Tja, lange, so drei bis vier Wochen, ging ich mit einer Kolumne und Überlegungen zum Thema "Toilettenpapierskulpturen" schwanger. Es sollte um die Angewohnheit von Menschen gehen, in (semi)öffentlichen Toiletten, die gleichermaßen gepflegt wie hochfrequentiert sind, die Papierhandtücher und auch das vorrätige Toilettenpapier zu lustigen Skulpturen und Anordnungen aufzustapeln. Derlei Überlegungen dauerten zu lange offenbar, denn von Guido K. aus N. erhielt ich eine Zuschrift...

 

moin moin heiko,

 

was is los? ... ich schaue schon seit tagen auf deine homepage und warte auf neue lustige zeilen und zitate und verballhornungen ....

 

kreative pause? schwarzes loch? ... oder sind dir die weinbrandbohnen im speckmantel nach der fast- und abstinenzzeit nicht bekommen?

 

schönen gruss in die große stadt - der guido

 

Ja, was sind die Gründe für die mehr als dreiwöchige Sprachlosigkeit?
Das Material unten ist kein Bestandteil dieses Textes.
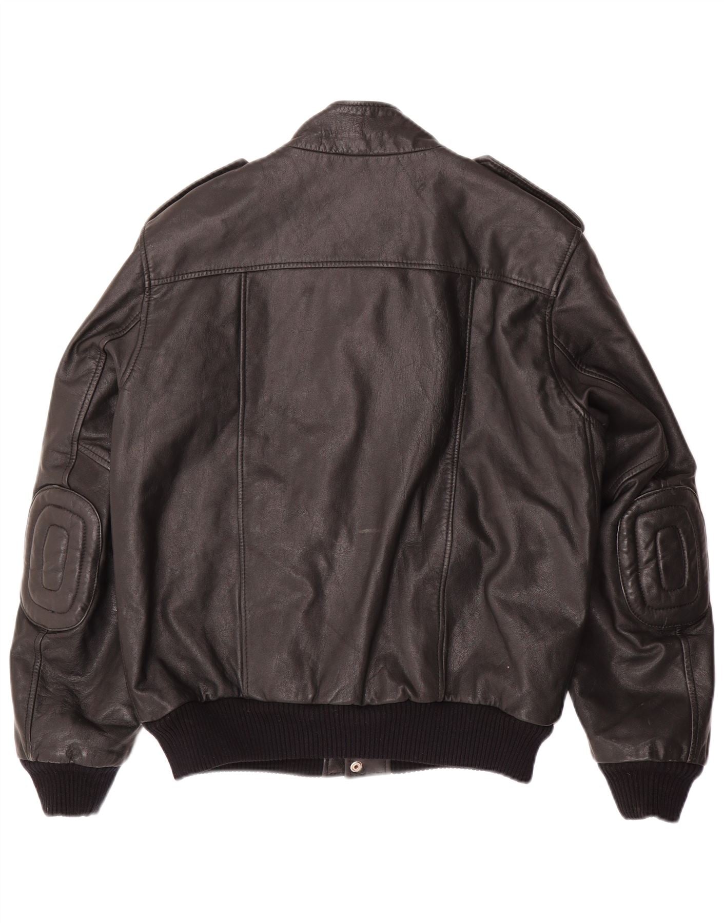 VINTAGE Chaqueta de cuero militar para hombre IT 54 2XL Cuero negro

Einerseits die entfachte Leidenschaft zum Radrennsport? Das Brüten über meinem Businessmodell BPOF? Die Auswahl der Texte, die ich beim 1. Kalker Kaffee las? Oder die Agonie der Borussia? Wie kann ich Bernd Begemann dazu bringen, dass er die Single "Meine Liebe ist ein Fahrstuhl" einspielt???? Was war noch so los: Na die Sache mit dem Feuerwieselbild & das mühevolle Beibringen vermeintlich amüsanter Bilder und Dokumente für feynschliff.de? Angestachelt durch die Zuschrift, werde ich mal schauen, ob ich nicht doch noch aus Anfängen und Skizzen eine Ausgabe zusammengekloppt bekomme. Ich bin geplagt vom genius loci Kölle am Rhing. Oder wie Willi Pedia schreibt: "In Roman mythology a genius loci was the protective spirit of a place. It was often depicted as a snake." So entstand vor einigen Tagen am Bodesee die Frage: Wo bleiben die Entsatzzeppeline, den Klassenerhalt zu sichern? Wo ist Behle? Sie blieben: Aus!

 

Was man nicht im Kopf hat, muß man im Ladegerät haben! Vor Wochen zwei Minuten bei "RUND UM KÖLN" gewesen, Etappe Kalk. Kalk ist nicht gerade eine Hochburg des Fahrradrennsports! Dennoch viel Spaß gehabt. Das kommt beim Sport in letzter Zeit so selten vor.

 

Generell gilt: Diese Kolumne ist eine GEBRAUCHSKOLUMNE. Und so werde ich irgendwann einmal öffentlich darüber nachdenken, wie es sein kann, dass Köln Deutschland in a nutshell ist; Köln, dieser deutsche Mikrokosmos mit seinem Rhein-Trennungs-Faschismus! Die Linksrheiner und Keter Pnöll sagen: Der Rhein ist die Grenze der Stadt. Das Prekariat und ich sagen: Der Rhein ist ein Teil der Stadt. Und Kalk und Mülheim haben durch die Industrie erst das Geld verdient, damit junge Kreative sich im Belgischen Viertel rumlümmeln können. Denke auch über mögliche Sprachregelungen - in einem neuen Arbeitsumfeld - nach; wie redet man mit Kollegen und Vorgesetzen? Nutzt man den Edeka-Comment ("Herr Schomberg, kannste mal die Prozesse steuern!") oder eher den Butler-Comment ("Heiko, können Sie mal die Farben hinterlegen!").

 

Als ich unlängst wieder in Süddeutschland war, morgens den aktuellen Wagner als Printmedium gegeben, erschaudert vor der Größe seiner Worte, morgens um 06.30 Uhr am Flughafen und das Dokument seiner Herrlichkeit mit zitternden Händen ausgerissen, so bemerkenswert war er wieder. Sinngemäß: "Ich will keine Diktatoren und Bösmänner, ich will nur abends mit meiner Frau ins Bett und in Ruhe frühstücken". Und tolle lukullische Erlebnisse im Industriegebiet Neukeferloh gehabt, ein Gebiet das völlig anders ist als die Brache Mülheim. Um die Mittagszeit beim Tengelmann gewesen, war schon durch den Eingang durch, dann ging ich wieder zurück, nahm das brüllende Alarmsignal in Kauf, denn aus dem Augenwinkel nahm ich das Schild "Leberkassemmel, 1 Euro 50" wahr.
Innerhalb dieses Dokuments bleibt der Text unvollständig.